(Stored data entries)
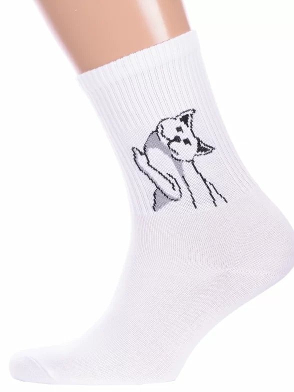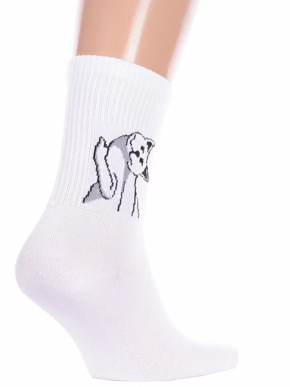 Круглогодичные средней длины носки унисекс, цвет белый, спортивные, повседневные, возможно бесшовные, принт (рисунок): животные, с узором, состав: 75% хлопок, 23% полиамид, 2% эластан, арт. Нус80159-01-32-03. Производитель «Китай, страна бренда - Россия» под брендом «Hobby line».
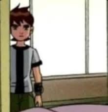 The source moment works because Ben Tennyson stands partially hidden behind a doorframe, looking into a room with a serious and observant facial expression. Even without full plot context, viewers immediately understand the tension and why the expression became shareable.
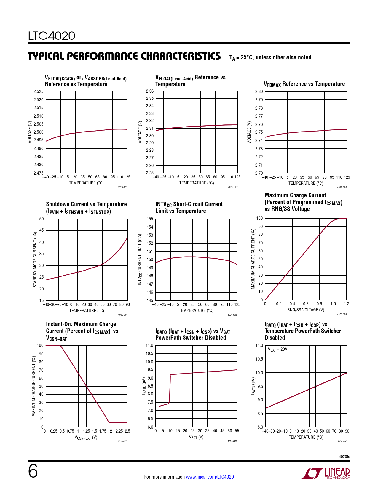 Typical perForMance characTerisTics TA = 25°C, unless otherwise noted. VFLOAT(CC/CV) or, VABSORB(Lead-Acid) VFLOAT(Lead-Acid) Reference vs Reference vs Temperature Temperature VFBMAX Reference vs Temperature
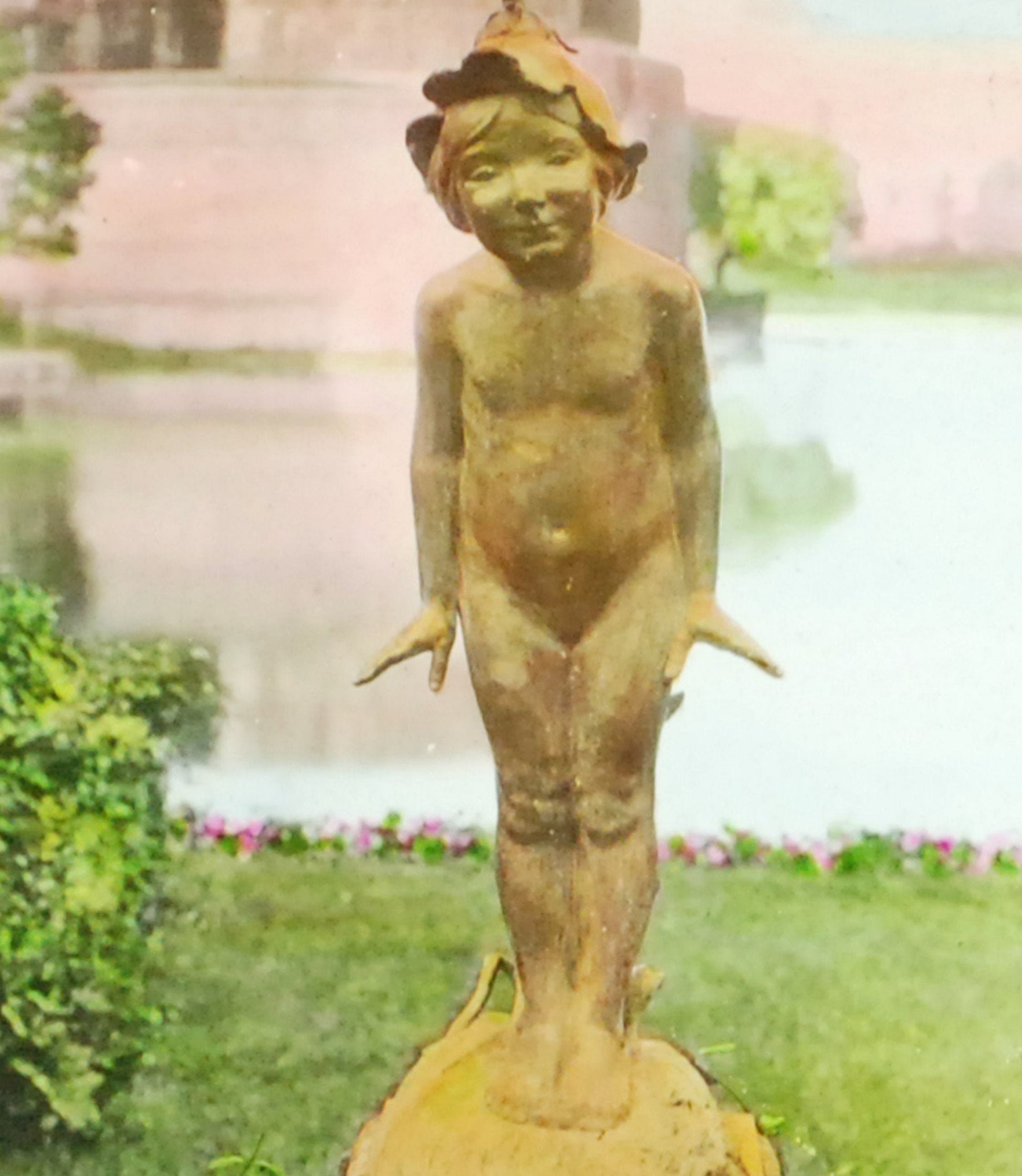 Cute Pixie Boy In Garden, Hand Tinted Antique Photo On Glass. IN VINTAGE CONDITION WITH NORMAL WEAR FROM AGE.
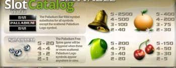 Palladium — пятибарабанный, 30-линейный игровой автомат с функцией «Palladium совершенно бесплатно Spins Game», который присуждает бесплатные вращения и множитель бесплатных вращений. «Игра бесплатных вращений Palladium» предоставляется, когда 3 или, возможно, в поле зрения появится больше символов логотипа Scattered Palladium Logo.
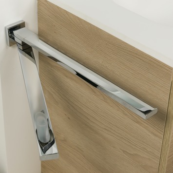 Handig handdoekrek dat je zonder schroeven kunt bevestigen. Moderne uitstraling. Aan de dure kant, maar bij de bouwmarkten wordt regelmatig tot 30% korting gegeven op Tiger artikelen. Een sterk merk.
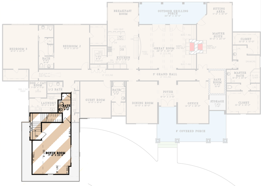 - Flexible bonus space over the garage allows for future expansion.
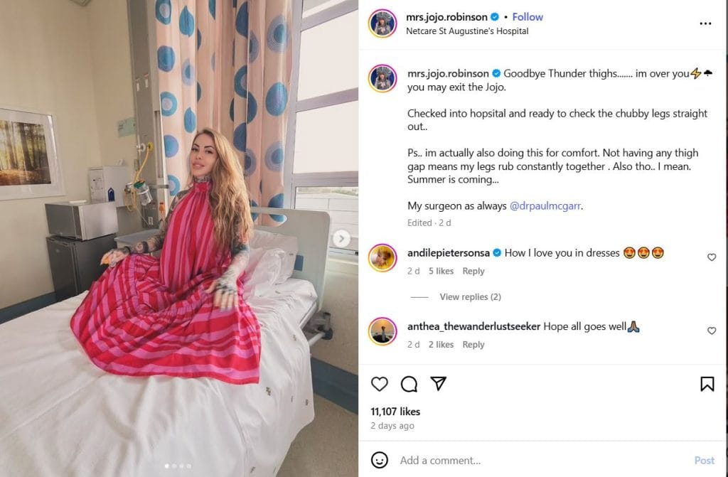Jojo Robinson’s decision was influenced by more than just external appearances. “I’m actually also doing this for comfort,” she wrote, acknowledging that the physical discomfort from her thighs rubbing together had affected her daily life. This decision reflects an important shift in how many people approach cosmetic surgery: prioritising their own physical comfort and mental well-being over societal expectations.
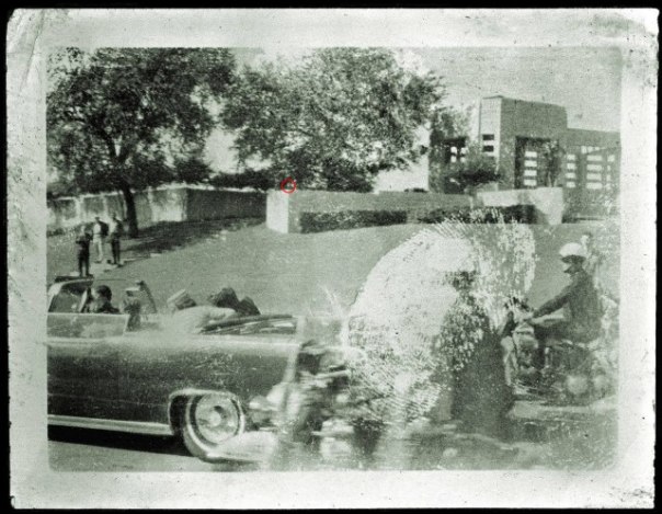 The degraded original version of the Moorman photograph: the Badge Man is purportedly located behind the stockade fence at photo center.

=== Exercise details ===
Extract the run of lines beginning with the line that holds "Jojo Robinson’s decision" and ending at the last line of the data, inclusive. Exclude any pictures from the copy.

=== Response ===
Jojo Robinson’s decision was influenced by more than just external appearances. “I’m actually also doing this for comfort,” she wrote, acknowledging that the physical discomfort from her thighs rubbing together had affected her daily life. This decision reflects an important shift in how many people approach cosmetic surgery: prioritising their own physical comfort and mental well-being over societal expectations.
 The degraded original version of the Moorman photograph: the Badge Man is purportedly located behind the stockade fence at photo center.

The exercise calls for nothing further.